National Firms Entering the Market
Connie Brennan (Nevada Business Journal): In the last few years, several national law firms have entered the Nevada market. Are local firms threatened by that?
Mike Bonner: It’s a reality we have to deal with. The markets are changing in Las Vegas. We are becoming a much larger city, so it’s natural the large firms are coming here. I think for local firms, it’s an issue of serving your clients and making them happy. Competitive pressures are being brought out by the national and international firms that are setting up flags here, but at the end of the day, clients typically stay with lawyers who take care of them. Where Nevada law firms are being most impacted by the influx of out-of-state firms is the effect it’s having on hiring and recruiting. Salary levels are being driven up, based on non-Nevada markets, making it much more competitive for hiring for most of us.
John Frankovich: I agree. It’s certainly a reality, particularly in Las Vegas, and to a lesser degree in the Reno area and other parts of the state. In my opinion, it indicates that the market is good. I think it raises the competitive bar for all of us. There has always been a place for Nevada law firms, and everybody’s going to need a Nevada law firm. And, as Mike said, if you do a good job with your clients, it shouldn’t be a threat to any of us.
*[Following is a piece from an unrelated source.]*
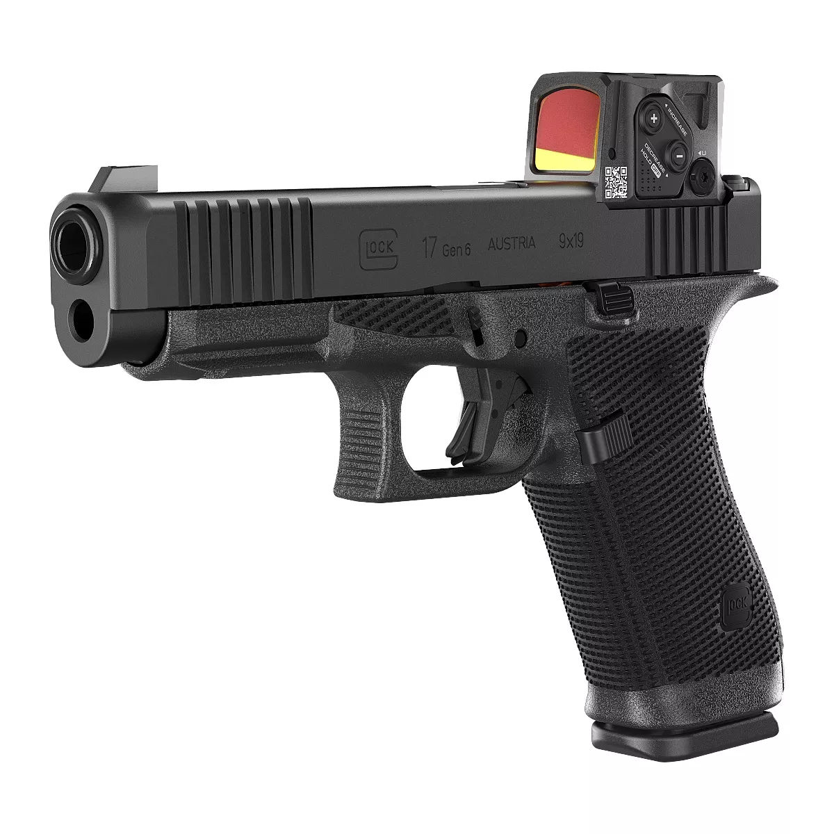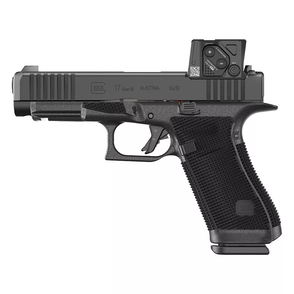 Pistole GLOCK 17 Gen6 je pistole plné velikosti, která nabízí vylepšenou ergonomii pro větší použitelnost a pohodlí, nyní s unikátním systémem optiky. G17 má standardní rám s bočnicí po celé délce a zásobník na 17 ran
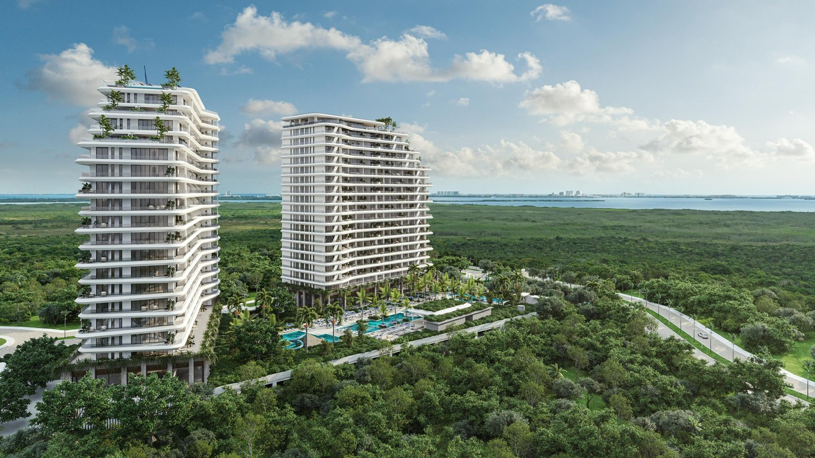 El desarrollo se construye frente a la laguna Nichupté, en Cancún, y contempla dos torres de 20 niveles, villas premium y más de 50 amenidades bajo un modelo de Hotel Living, que combina uso residencial con operación profesional.

Brennan: Is there a shortage of attorneys in Nevada? Is recruitment an issue?
Frankovich: No, there isn’t a shortage, and you can quote me on that.
Mark Tratos: Recruitment is an issue in specialty areas, like intellectual property. There’s a great need here for lawyers to service intellectual property needs. Recruiting intellectual property lawyers is not easy, so we frequently have to look outside the state. Recruiting can be challenging because Las Vegas does a superb job in marketing itself in a unique way to the rest of the world, sometimes creating a false impression of who we are and what we do. That makes it a little difficult sometimes to convince both an attorney and a spouse to relocate.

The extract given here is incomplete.